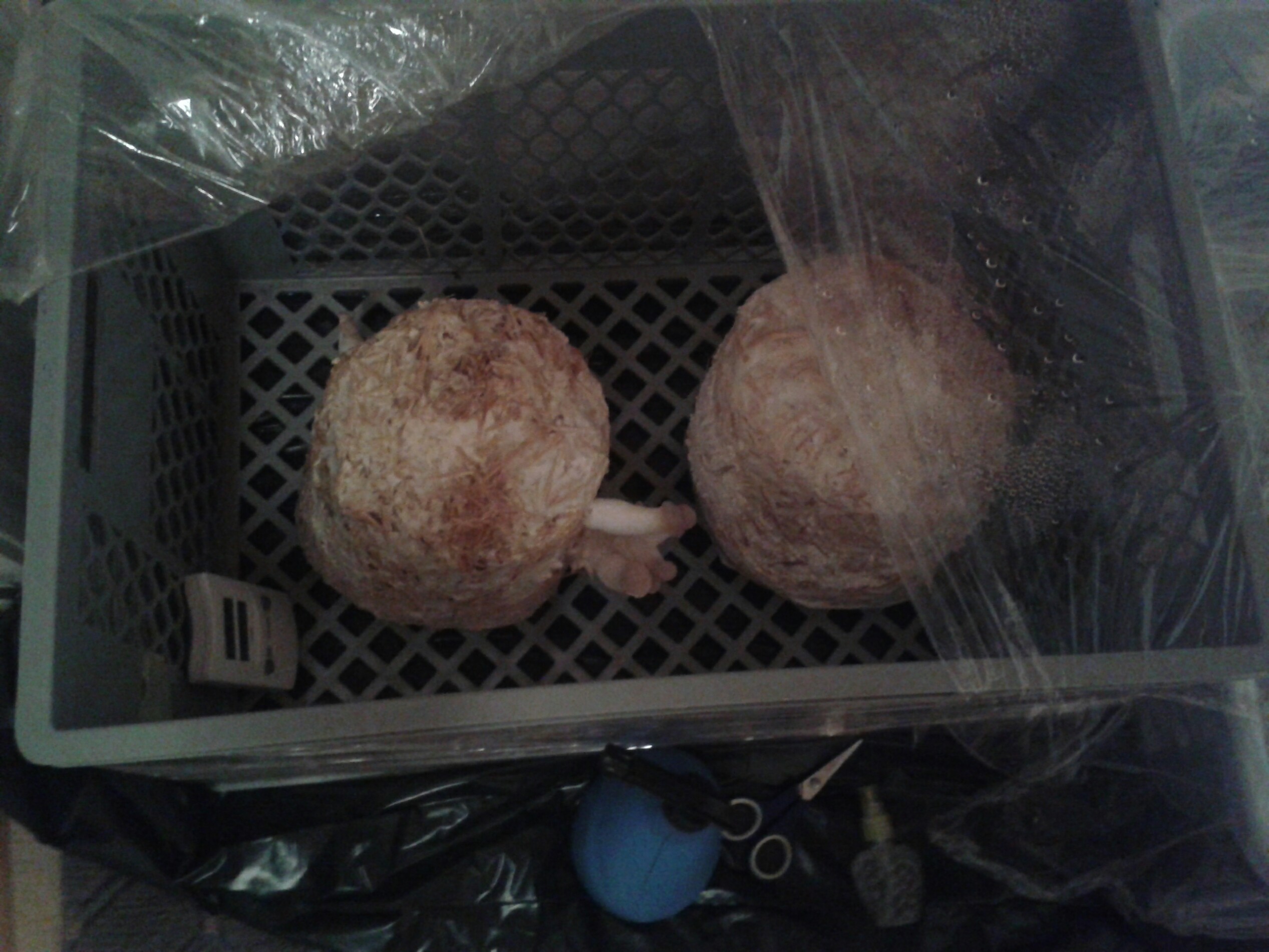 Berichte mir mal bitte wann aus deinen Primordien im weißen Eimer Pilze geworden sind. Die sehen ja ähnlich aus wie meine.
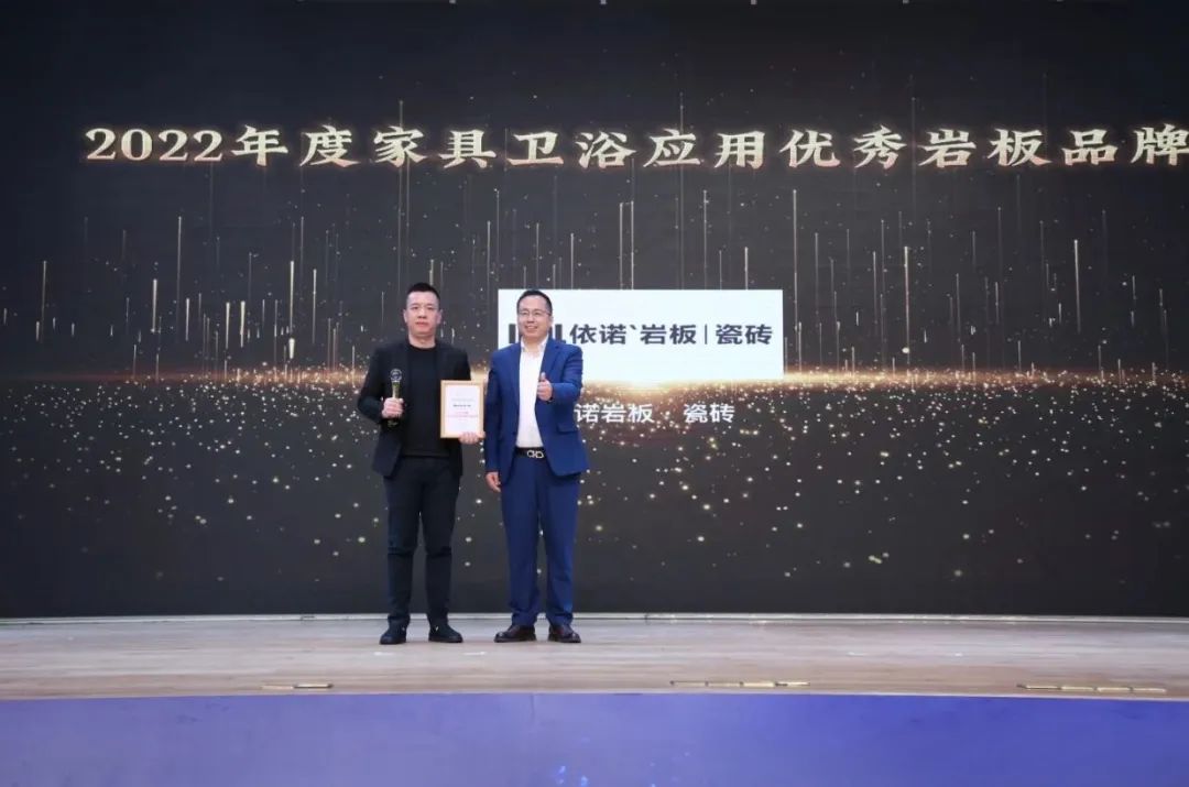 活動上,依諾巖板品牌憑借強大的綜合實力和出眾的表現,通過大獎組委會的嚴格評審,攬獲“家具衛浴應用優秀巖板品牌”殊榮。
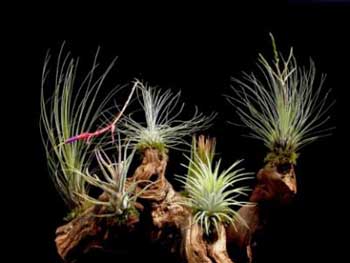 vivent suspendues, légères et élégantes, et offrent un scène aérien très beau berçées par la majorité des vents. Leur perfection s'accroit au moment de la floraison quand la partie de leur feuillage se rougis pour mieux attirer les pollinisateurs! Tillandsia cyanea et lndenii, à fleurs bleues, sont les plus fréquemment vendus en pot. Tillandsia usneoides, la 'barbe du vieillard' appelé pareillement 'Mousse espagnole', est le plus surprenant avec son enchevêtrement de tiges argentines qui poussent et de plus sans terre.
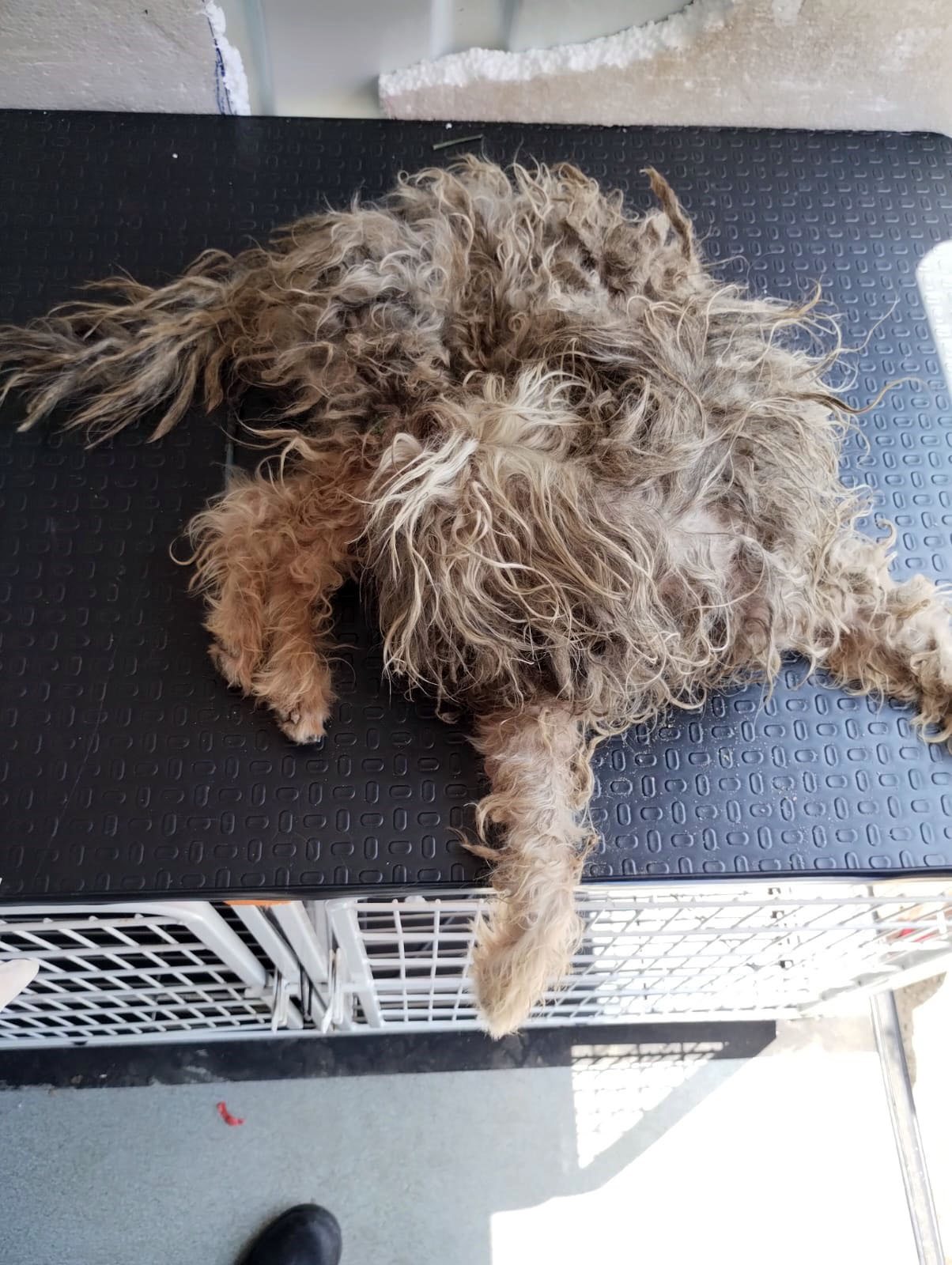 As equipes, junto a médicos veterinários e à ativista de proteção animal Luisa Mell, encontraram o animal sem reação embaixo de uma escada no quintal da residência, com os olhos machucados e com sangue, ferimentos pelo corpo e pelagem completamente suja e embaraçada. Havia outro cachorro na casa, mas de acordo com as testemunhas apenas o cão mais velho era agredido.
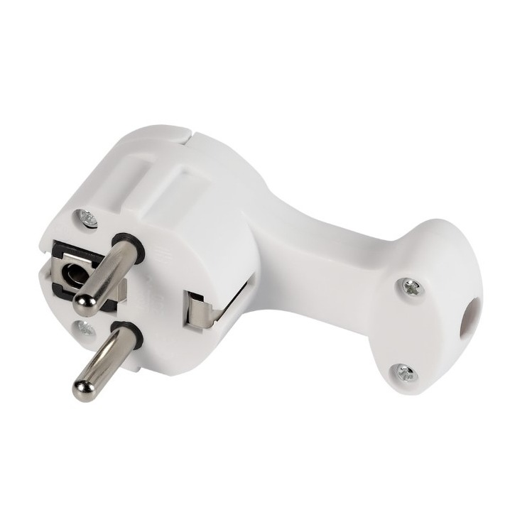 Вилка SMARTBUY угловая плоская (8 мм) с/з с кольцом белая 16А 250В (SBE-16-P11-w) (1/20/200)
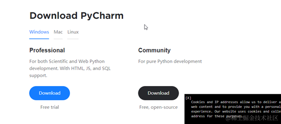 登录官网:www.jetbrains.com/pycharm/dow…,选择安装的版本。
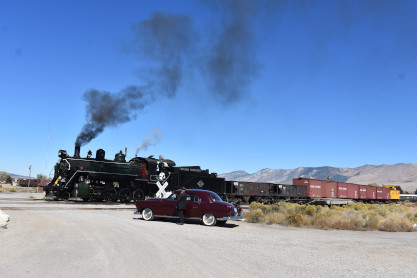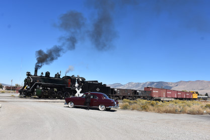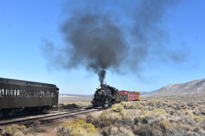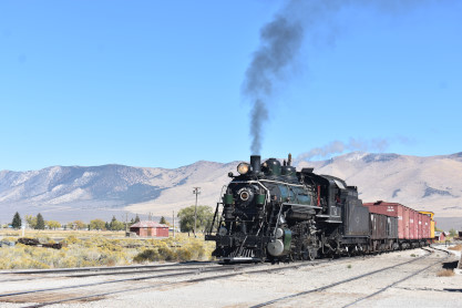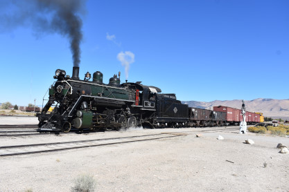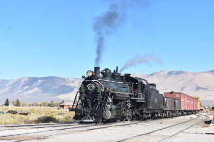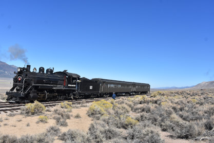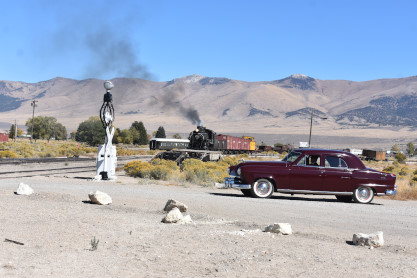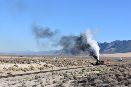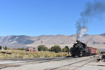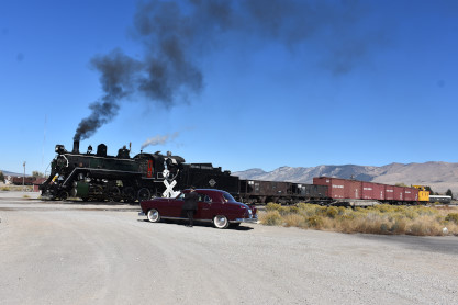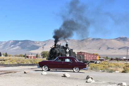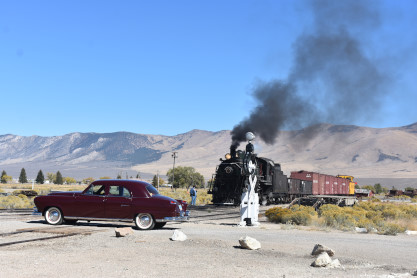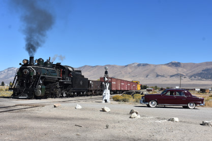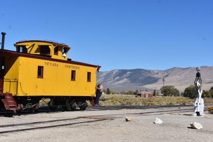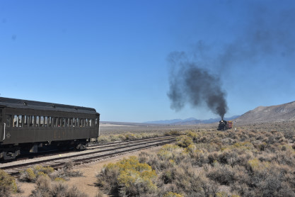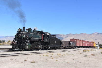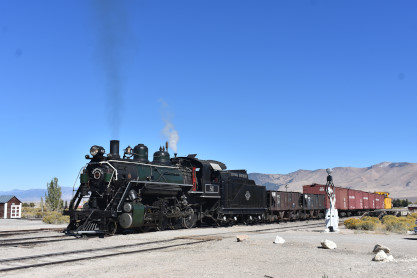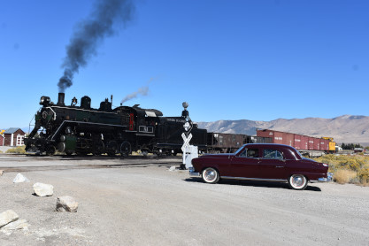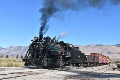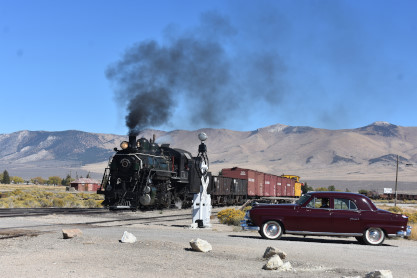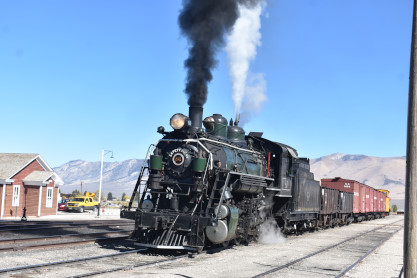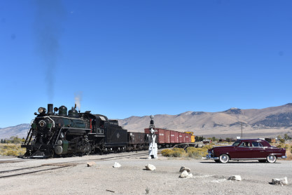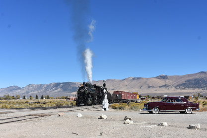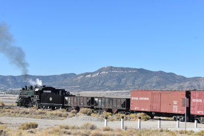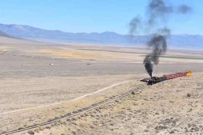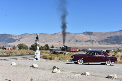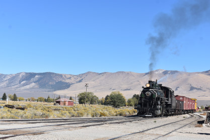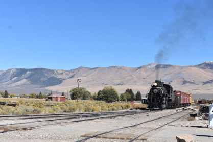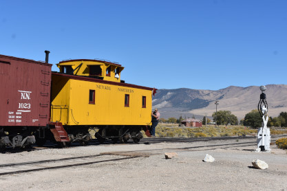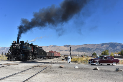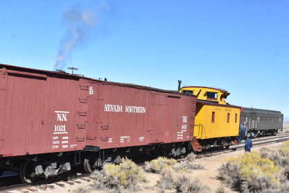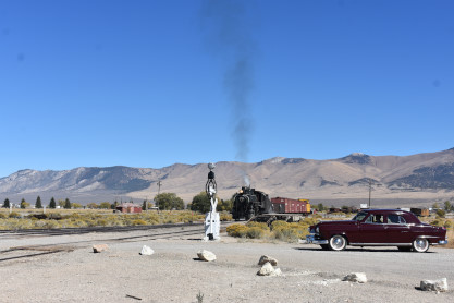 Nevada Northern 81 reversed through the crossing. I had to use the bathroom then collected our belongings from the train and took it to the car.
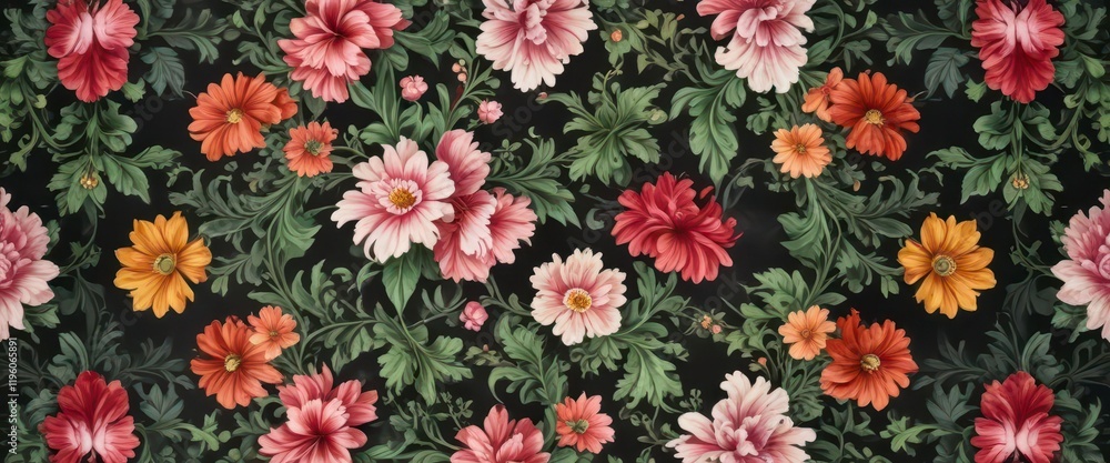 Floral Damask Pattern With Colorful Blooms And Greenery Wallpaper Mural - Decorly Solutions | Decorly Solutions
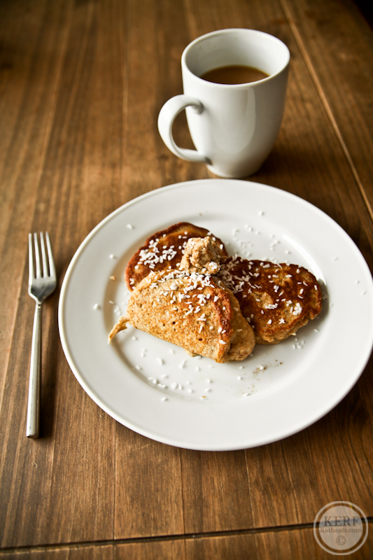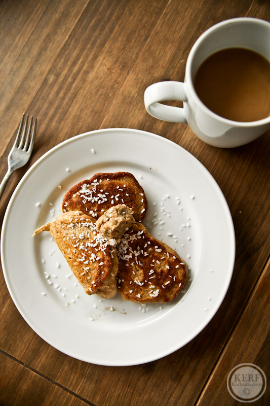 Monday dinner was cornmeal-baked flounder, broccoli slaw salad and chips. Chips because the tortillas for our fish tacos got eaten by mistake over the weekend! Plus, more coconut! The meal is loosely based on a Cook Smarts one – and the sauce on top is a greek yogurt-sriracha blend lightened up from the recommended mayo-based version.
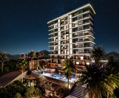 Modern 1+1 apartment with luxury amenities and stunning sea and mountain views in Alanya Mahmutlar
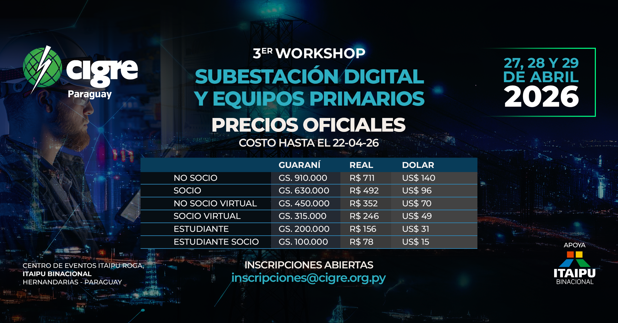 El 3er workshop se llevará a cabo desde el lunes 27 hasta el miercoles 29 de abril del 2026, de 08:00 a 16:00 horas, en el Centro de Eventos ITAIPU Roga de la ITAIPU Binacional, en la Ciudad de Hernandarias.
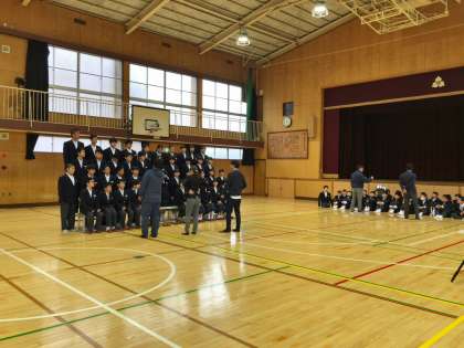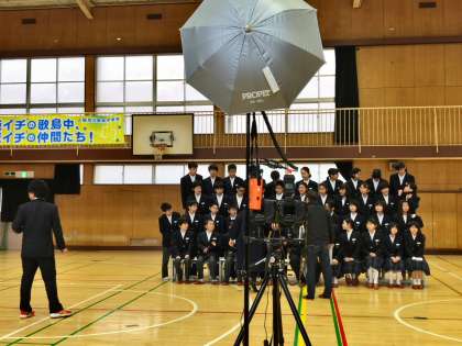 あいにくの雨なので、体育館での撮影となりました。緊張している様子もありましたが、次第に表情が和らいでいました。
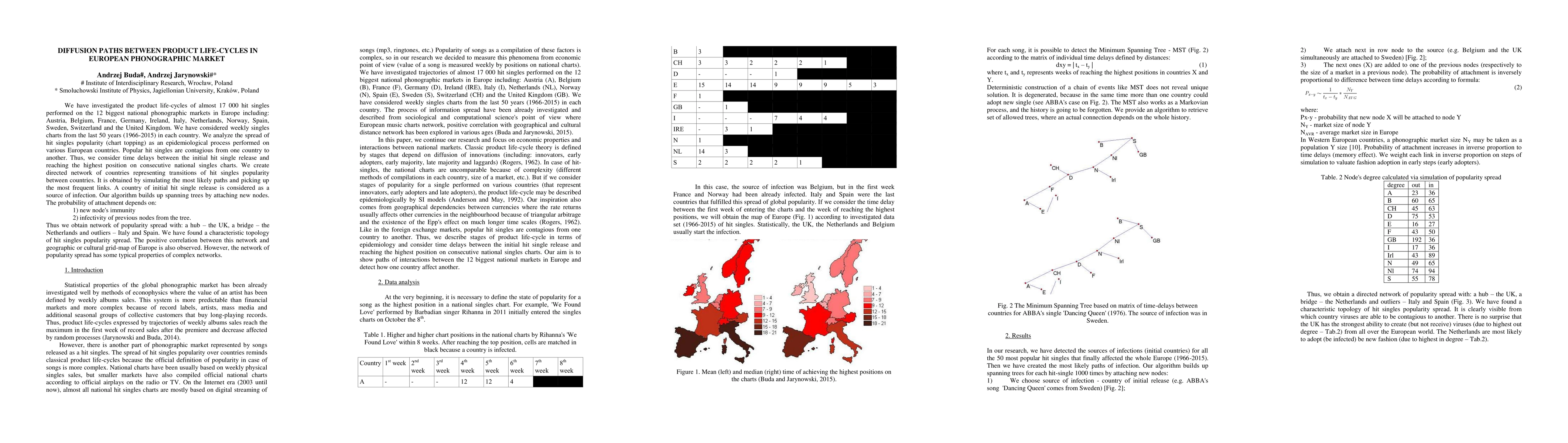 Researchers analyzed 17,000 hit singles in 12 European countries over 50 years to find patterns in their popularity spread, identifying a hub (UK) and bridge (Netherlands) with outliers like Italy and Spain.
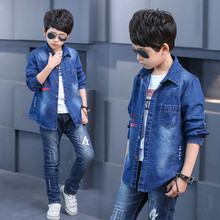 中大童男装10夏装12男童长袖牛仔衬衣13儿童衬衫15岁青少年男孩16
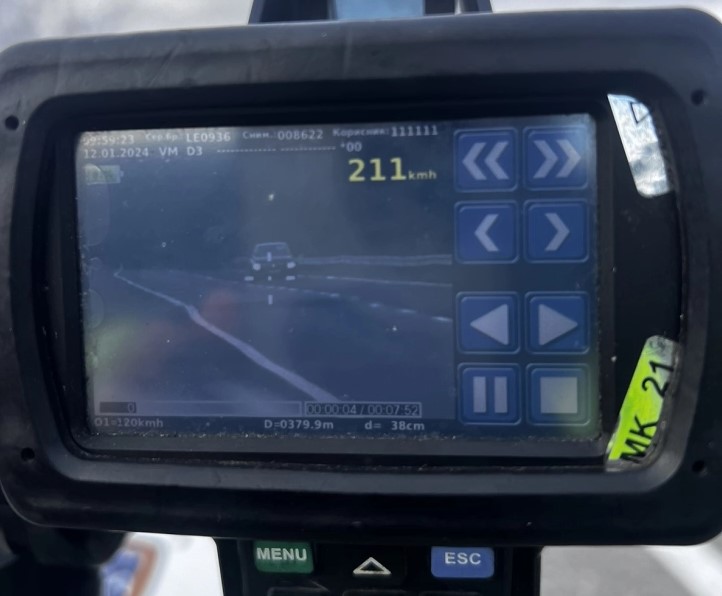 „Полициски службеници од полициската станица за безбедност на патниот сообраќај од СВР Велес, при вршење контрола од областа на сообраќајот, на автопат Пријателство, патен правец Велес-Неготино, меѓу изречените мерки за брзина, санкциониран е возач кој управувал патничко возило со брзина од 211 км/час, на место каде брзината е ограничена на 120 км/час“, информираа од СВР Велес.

—————

● Exercise aim
In the listing above, find the line containing "As equipes, junto" and the line containing "登录官网:www.jetbr". Print those two lines and every line between them exactly, with no pictures.

● Output of the exercise
 As equipes, junto a médicos veterinários e à ativista de proteção animal Luisa Mell, encontraram o animal sem reação embaixo de uma escada no quintal da residência, com os olhos machucados e com sangue, ferimentos pelo corpo e pelagem completamente suja e embaraçada. Havia outro cachorro na casa, mas de acordo com as testemunhas apenas o cão mais velho era agredido.
 Вилка SMARTBUY угловая плоская (8 мм) с/з с кольцом белая 16А 250В (SBE-16-P11-w) (1/20/200)
 登录官网:www.jetbrains.com/pycharm/dow…,选择安装的版本。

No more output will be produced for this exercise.